Question

In this experiment we will be using a 0.05 M solution of HCl to determine the concentration of hydroxide (OH-) in a saturated solution of calcium hydroxide. The initial volume of "filtered" calcium hydroxide solution used in this example will be 36.0 mL. If it takes 16 mL of the HCl solution to reach the equivalence point of the titration, how many moles of OH- were present in this sample of calcium hydroxide?

Answer 1

Answer: The moles of hydroxide ions present in the sample is 0.0008 moles

Explanation:

To calculate the concentration of acid, we use the equation given by neutralization reaction:

$n_1M_1V_1=n_2M_2V_2$

where,

$n_1,M_1\text{ and }V_1$ are the n-factor, molarity and volume of acid which is HCl.

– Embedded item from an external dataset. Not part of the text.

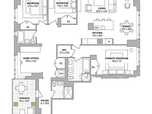 Home officeThree spacious bedroomsOpen-concept layoutThree elegantly designed bathrooms

$n_2,M_2\text{ and }V_2$ are the n-factor, molarity and volume of base which is $Ca(OH)_2$

We are given:

$n_1=1\\M_1=0.05M\\V_1=16mL\\n_2=2\\M_2=?M\\V_2=36.0mL$

Putting values in above equation, we get:

$1\times 0.05\times 16=2\times M_2\times 36\\\\M_2=\frac{1\times 0.05\times 16}{2\times 36}=0.011M$

To calculate the moles of hydroxide ions, we use the equation used to calculate the molarity of solution:

$\text{Molarity of the solution}=\frac{\text{Moles of solute}\times 1000}{\text{Volume of solution (in mL)}}$

Molarity of solution = 0.011 M

Volume of solution = 36.0 mL

Putting values in above equation, we get:

$0.011=\frac{\text{Moles of }Ca(OH)_2\times 1000}{36}\\\\\text{Moles of }Ca(OH)_2=\frac{0.011\times 36}{1000}=0.0004mol$

1 mole of calcium hydroxide produces 1 mole of calcium ions and 2 moles of hydroxide ions.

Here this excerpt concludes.